## Task requirements:
Would you repeat the listing exactly but omit every picture?

## Task input:
• • • • • • •
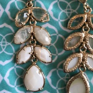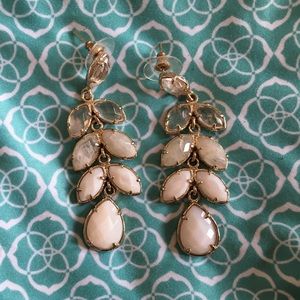 Kendra Scott white and gold earrings. Authentic. Only worn twice. From her earlier collections. Not available anywhere anymore. PLEASE NOTE: THESE DO NOT COME WITH BACKS. Reflected in price.🚫TRADES 🚫LOWBALLS WILL BE DECLINED
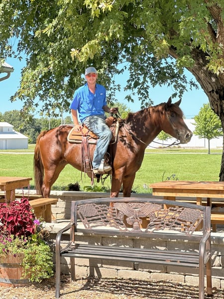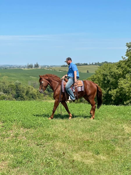 ONLINE AUCTION Place your bids at www.PlatinumEquineAuction.com Starting Bid $3500 Auction ends September 29th, 2024 Need a new saddle? Check out White Rock Saddles on our website or Facebook! Ruby is a 4 year old 16hh solid made cross bred mare. Ruby is out of a quarter horse mare and a Belgian stud. Ruby has been extensively trail rode and overnight camped on throughout the Midwest. She is very easy to get along with, loves attention and easy to catch. Ruby offers a nice flowing trot and rocking chair lope. She is good for both the vet and farrier. Ruby does good in a box stall or turned out. She offers a can do attitude with a nice handle. Ruby has checked fence all summer and been coonhunted on some this spring. Ruby has ponied and halter broke alot of colts. Loads and unloads like one should. Tacks up the same every ride. Ruby would excile in English or western. Soft in the bridle and ready to go on with! Sound and up to date on all cares. For further information please reach out to Dylan Landon 765-553-2527. Located in Van Horne, IA ONLINE AUCTION Place your bids at www.PlatinumEquineAuction.com Starting Bid $3500 Auction ends September 29th, 2024 Need a new saddle? Check out White Rock Saddles on our website or Facebook!
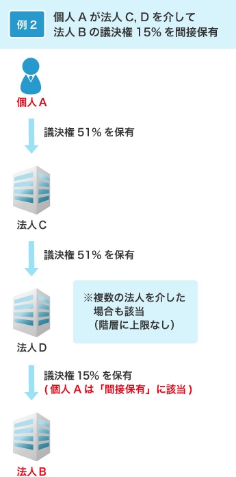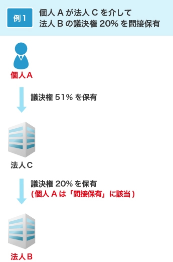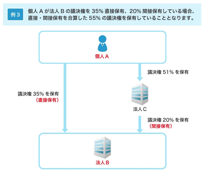 その個人が支配する法人(議決権の50%超を保有する法人)を介して、議決権を保有することをいいます。
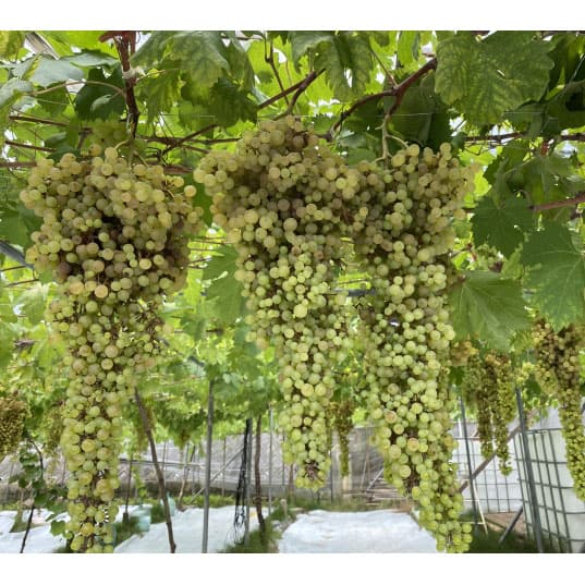 インパクト満点白三尺ブドウ・最も長い房になる欧州種果樹の苗/[26年4月下旬予約]ブドウ:ネヘレスコール挿木苗4〜5号ポットネヘレスコールはブドウで最も長い房になる品種で、大きい房では長さ1m近く、重さは3kg以上にもなり、観賞用としても価値が高いブドウです。 味も見た目のインパクトに負けず、糖度は20度以上と甘く、香りは少ないですが、プリプリした食感でジューシー、とてもおいしいブドウです。 干しブドウにできます。 強健で栽培も容易なので、家庭園芸におすすめ。 市場にはほとんど出回らない大変珍しい品種です。 タイプ:ブドウ科の耐寒性落葉樹(つる性)果皮色:黄緑色果重:最大3kg以上糖度:約20度成熟期:9月中旬〜下旬日照:日向むき栽培方法:日当たり・水はけのよい場所が適しています。 地植えの場合はなるべく深く穴を掘り、有機肥料を元肥えとして施して植え付けます。 鉢植えの場合も同様になるべく深い鉢を選んで植えてください。 植え付け後は3〜5芽を残し、地際から30cmくらいのところで切戻し、支柱を立て、枝を誘引して止めつけます。 仕立て方としてはまっすぐの棒に巻きつけるように上方に伸ばす棒仕立て、またはぶどう棚や垣根に誘引する仕立て方があります。 鉢植えの場合はあんどん仕立てにすると良いでしょう。 肥料は3月と11〜12月に、根本に有機肥料などを施します。 大粒種の場合、自然の状態では果粒数が少なくなりますので、実どまりをよくするために、花の満開時期にジベレリンの100倍溶液に花穂をひたすか、開花直前に花房の先端を1/3ほどきりつめます。 また、チッソ肥料が多すぎると葉ばかり茂って実がつきにくいので、窒素分を控えるのも有効です。 花後に結実した実には袋かけをして、病虫害や鳥害から守ります。 剪定は12月〜1月に、前年に伸びた枝を切り戻してください。 4〜5号ポット入りの挿木苗、樹高約60cmです。 結実開始は3〜4年後からとなります。 樹高は、多少前後します。 また、夏〜秋のお届け時は葉の状態がきれいでない場合があります。 ※1年生苗は鉢上げして時間が経過していないため、枝数や小根が少い場合がありますが、生育に問題はありません。 ■4月下旬頃のお届けの予約販売です。 ・注文締切日:2026年4月13日(月)午前7時・別々のご注文をおまとめすることはできません。 送料はそれぞれにかかります。 ・お届け日は4月14日以降にメールでご案内します。 お届け日指定はお受けできませんが、曜日・時間帯指定は承ります。 (受信できるアドレスでご注文ください)・品種によりお届け時期の変更や、お届けできなくなる場合があります。
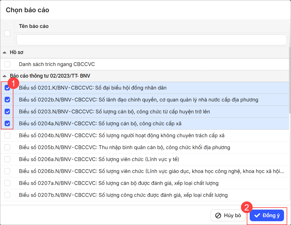 - Tích chọn báo cáo được cấp chủ quản yêu cầu, nhấn Đồng ý.
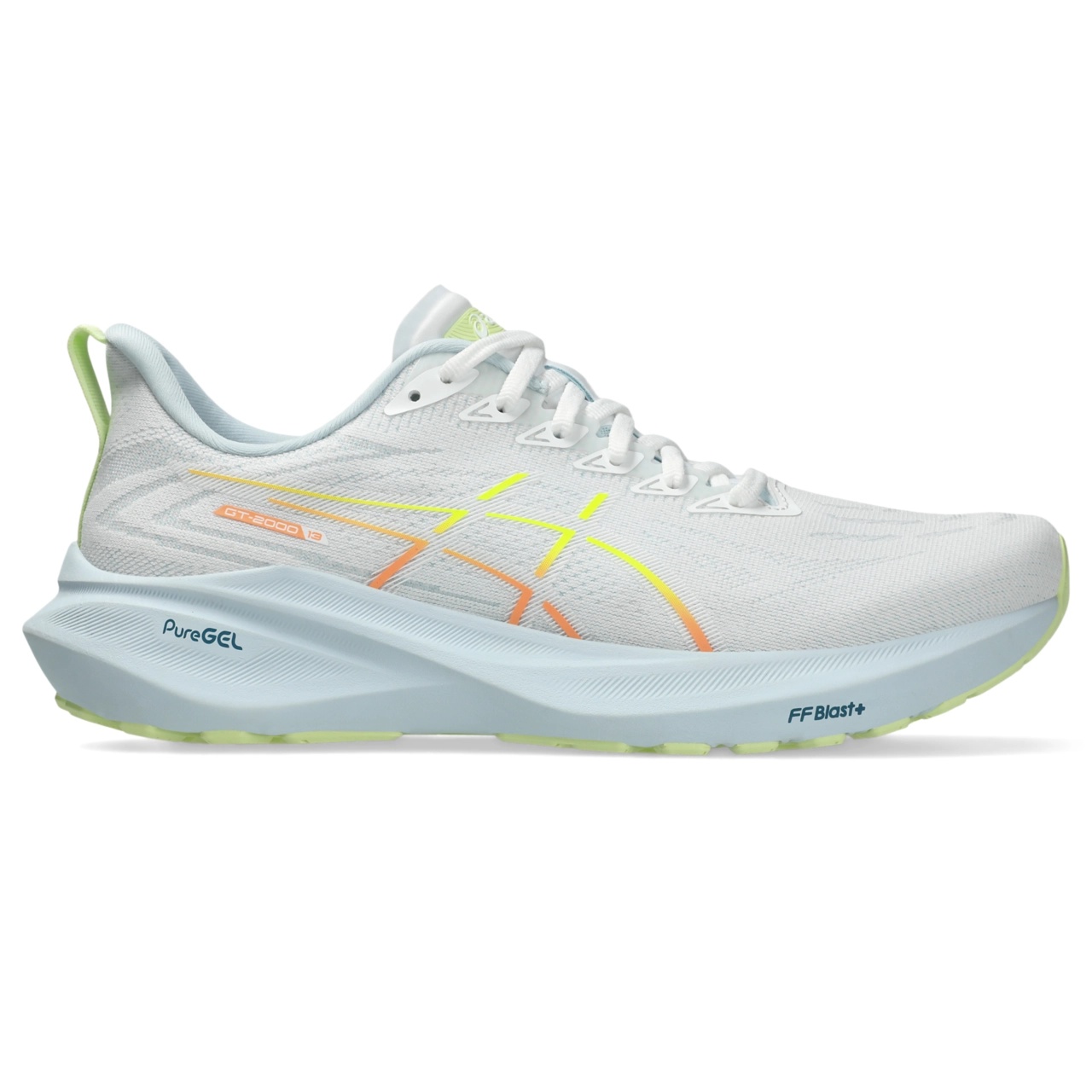 Move from apprehensive to assertive with the GT-2000™ 13 shoe’s 3D GUIDANCE SYSTEM™ technology. Designed to help provide adaptative on-demand stability, this shoe's support properties allow you to experience a smooth and balanced transition from footstrike to toe-off. The midsole implements a full-length FF BLAST™ PLUS cushioning unit and PureGEL™ technology. These features help provide a more energized toe-off with cloud-like softness underfoot. Style #: 1011B861.100 UPC #: None Tech & Materials Jacquard mesh upper Offers a supportive and comfortable foothold At least 50% of the shoe's main upper material is made with recycled content to reduce waste and carbon emissions The sockliner is produced with the solution dyeing process that reduces water usage by approximately 33% and carbon emissions by approximately 45% compared to the conventional dyeing technology 3D GUIDANCE SYSTEM™ Helps provide advanced stability for a smoother stride Rearfoot PureGEL™ technology Helps provide lightweight cushioning and softer landings FF BLAST™ PLUS cushioning This material helps provide lightweight impact absorption and a responsive rebound OrthoLite™ X-30 sockliner Helps provides soft step-in comfort AHARPLUS™ heel plug rubber Helps improve durability AHAR® LOW HARDNESS outsole material Helps improve resistance against wear Reflective details Designed to help improve visibility in low-light settings
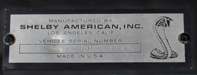 The SRG's observation remains consistent on the pattern that cars completed by Shelby American on or after April 27, 1967, received the 'Z' prefix added to their Shelby VIN plates.
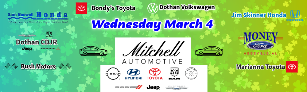 Mitchell Nissan, Mitchell Hyundai, Mitchell Dodge, Toyota of Dothan, Sam Boswell Honda, Bondy's Ford, Bondys Nissan, Star Imports, Bush Motors, and more!!
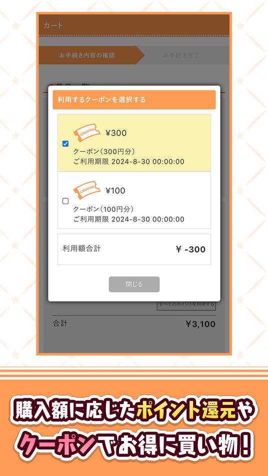 iOS版・Android版のβサービス開始を記念して、期間中は毎日「100円引きクーポン」をプレゼントするキャンペーンを実施します。クーポンは、商品の購入時に使用することができます。
• • • • • • •
## Response to this exercise:
 Kendra Scott white and gold earrings. Authentic. Only worn twice. From her earlier collections. Not available anywhere anymore. PLEASE NOTE: THESE DO NOT COME WITH BACKS. Reflected in price.🚫TRADES 🚫LOWBALLS WILL BE DECLINED
 ONLINE AUCTION Place your bids at www.PlatinumEquineAuction.com Starting Bid $3500 Auction ends September 29th, 2024 Need a new saddle? Check out White Rock Saddles on our website or Facebook! Ruby is a 4 year old 16hh solid made cross bred mare. Ruby is out of a quarter horse mare and a Belgian stud. Ruby has been extensively trail rode and overnight camped on throughout the Midwest. She is very easy to get along with, loves attention and easy to catch. Ruby offers a nice flowing trot and rocking chair lope. She is good for both the vet and farrier. Ruby does good in a box stall or turned out. She offers a can do attitude with a nice handle. Ruby has checked fence all summer and been coonhunted on some this spring. Ruby has ponied and halter broke alot of colts. Loads and unloads like one should. Tacks up the same every ride. Ruby would excile in English or western. Soft in the bridle and ready to go on with! Sound and up to date on all cares. For further information please reach out to Dylan Landon 765-553-2527. Located in Van Horne, IA ONLINE AUCTION Place your bids at www.PlatinumEquineAuction.com Starting Bid $3500 Auction ends September 29th, 2024 Need a new saddle? Check out White Rock Saddles on our website or Facebook!
 その個人が支配する法人(議決権の50%超を保有する法人)を介して、議決権を保有することをいいます。
 インパクト満点白三尺ブドウ・最も長い房になる欧州種果樹の苗/[26年4月下旬予約]ブドウ:ネヘレスコール挿木苗4〜5号ポットネヘレスコールはブドウで最も長い房になる品種で、大きい房では長さ1m近く、重さは3kg以上にもなり、観賞用としても価値が高いブドウです。 味も見た目のインパクトに負けず、糖度は20度以上と甘く、香りは少ないですが、プリプリした食感でジューシー、とてもおいしいブドウです。 干しブドウにできます。 強健で栽培も容易なので、家庭園芸におすすめ。 市場にはほとんど出回らない大変珍しい品種です。 タイプ:ブドウ科の耐寒性落葉樹(つる性)果皮色:黄緑色果重:最大3kg以上糖度:約20度成熟期:9月中旬〜下旬日照:日向むき栽培方法:日当たり・水はけのよい場所が適しています。 地植えの場合はなるべく深く穴を掘り、有機肥料を元肥えとして施して植え付けます。 鉢植えの場合も同様になるべく深い鉢を選んで植えてください。 植え付け後は3〜5芽を残し、地際から30cmくらいのところで切戻し、支柱を立て、枝を誘引して止めつけます。 仕立て方としてはまっすぐの棒に巻きつけるように上方に伸ばす棒仕立て、またはぶどう棚や垣根に誘引する仕立て方があります。 鉢植えの場合はあんどん仕立てにすると良いでしょう。 肥料は3月と11〜12月に、根本に有機肥料などを施します。 大粒種の場合、自然の状態では果粒数が少なくなりますので、実どまりをよくするために、花の満開時期にジベレリンの100倍溶液に花穂をひたすか、開花直前に花房の先端を1/3ほどきりつめます。 また、チッソ肥料が多すぎると葉ばかり茂って実がつきにくいので、窒素分を控えるのも有効です。 花後に結実した実には袋かけをして、病虫害や鳥害から守ります。 剪定は12月〜1月に、前年に伸びた枝を切り戻してください。 4〜5号ポット入りの挿木苗、樹高約60cmです。 結実開始は3〜4年後からとなります。 樹高は、多少前後します。 また、夏〜秋のお届け時は葉の状態がきれいでない場合があります。 ※1年生苗は鉢上げして時間が経過していないため、枝数や小根が少い場合がありますが、生育に問題はありません。 ■4月下旬頃のお届けの予約販売です。 ・注文締切日:2026年4月13日(月)午前7時・別々のご注文をおまとめすることはできません。 送料はそれぞれにかかります。 ・お届け日は4月14日以降にメールでご案内します。 お届け日指定はお受けできませんが、曜日・時間帯指定は承ります。 (受信できるアドレスでご注文ください)・品種によりお届け時期の変更や、お届けできなくなる場合があります。
 - Tích chọn báo cáo được cấp chủ quản yêu cầu, nhấn Đồng ý.
 Move from apprehensive to assertive with the GT-2000™ 13 shoe’s 3D GUIDANCE SYSTEM™ technology. Designed to help provide adaptative on-demand stability, this shoe's support properties allow you to experience a smooth and balanced transition from footstrike to toe-off. The midsole implements a full-length FF BLAST™ PLUS cushioning unit and PureGEL™ technology. These features help provide a more energized toe-off with cloud-like softness underfoot. Style #: 1011B861.100 UPC #: None Tech & Materials Jacquard mesh upper Offers a supportive and comfortable foothold At least 50% of the shoe's main upper material is made with recycled content to reduce waste and carbon emissions The sockliner is produced with the solution dyeing process that reduces water usage by approximately 33% and carbon emissions by approximately 45% compared to the conventional dyeing technology 3D GUIDANCE SYSTEM™ Helps provide advanced stability for a smoother stride Rearfoot PureGEL™ technology Helps provide lightweight cushioning and softer landings FF BLAST™ PLUS cushioning This material helps provide lightweight impact absorption and a responsive rebound OrthoLite™ X-30 sockliner Helps provides soft step-in comfort AHARPLUS™ heel plug rubber Helps improve durability AHAR® LOW HARDNESS outsole material Helps improve resistance against wear Reflective details Designed to help improve visibility in low-light settings
 The SRG's observation remains consistent on the pattern that cars completed by Shelby American on or after April 27, 1967, received the 'Z' prefix added to their Shelby VIN plates.
 Mitchell Nissan, Mitchell Hyundai, Mitchell Dodge, Toyota of Dothan, Sam Boswell Honda, Bondy's Ford, Bondys Nissan, Star Imports, Bush Motors, and more!!
 iOS版・Android版のβサービス開始を記念して、期間中は毎日「100円引きクーポン」をプレゼントするキャンペーンを実施します。クーポンは、商品の購入時に使用することができます。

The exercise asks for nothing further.